Recorded information:
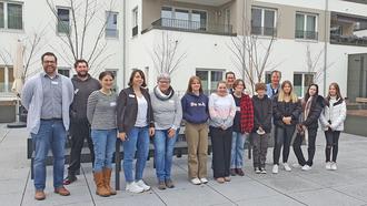 Mitarbeiter:innen des Bethesda Landau gemeinsam mit ihren neugiereigen Besucher:innen von der Gebrüder-Ullrich-Realschule plus.
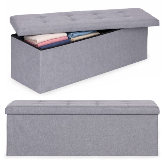 Pufa pikowana 111x38 cm ze schowkiem tapicerowana ława skrzynia jasnoszara ModernHome
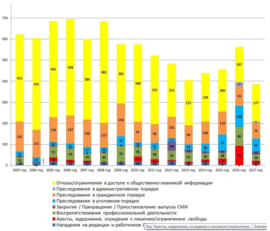 В рейтинге стран мира по уровню свободы слова, по версии Freedom House, Казахстан в 2017 году занял 179 место из 196 (В 2016 г. 160 место из 180). Фонд «Адил соз сделал гистограмму нарушений свободы слова в Казахстане, начиная с 2003 года:
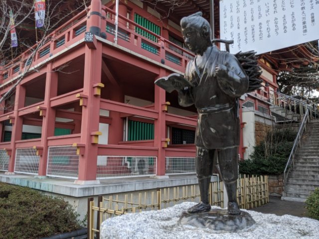 広い境内に様々な見どころが詰まっている目黒不動。中でも目に付くのは石像・銅像の多さ。仏像や人物像など、実に様々な像があちこちに置かれています。

Work request:
From the first line to the last, transcribe the listing exactly; skip the pictures.

Output of the task:
 Mitarbeiter:innen des Bethesda Landau gemeinsam mit ihren neugiereigen Besucher:innen von der Gebrüder-Ullrich-Realschule plus.
 Pufa pikowana 111x38 cm ze schowkiem tapicerowana ława skrzynia jasnoszara ModernHome
 В рейтинге стран мира по уровню свободы слова, по версии Freedom House, Казахстан в 2017 году занял 179 место из 196 (В 2016 г. 160 место из 180). Фонд «Адил соз сделал гистограмму нарушений свободы слова в Казахстане, начиная с 2003 года:
 広い境内に様々な見どころが詰まっている目黒不動。中でも目に付くのは石像・銅像の多さ。仏像や人物像など、実に様々な像があちこちに置かれています。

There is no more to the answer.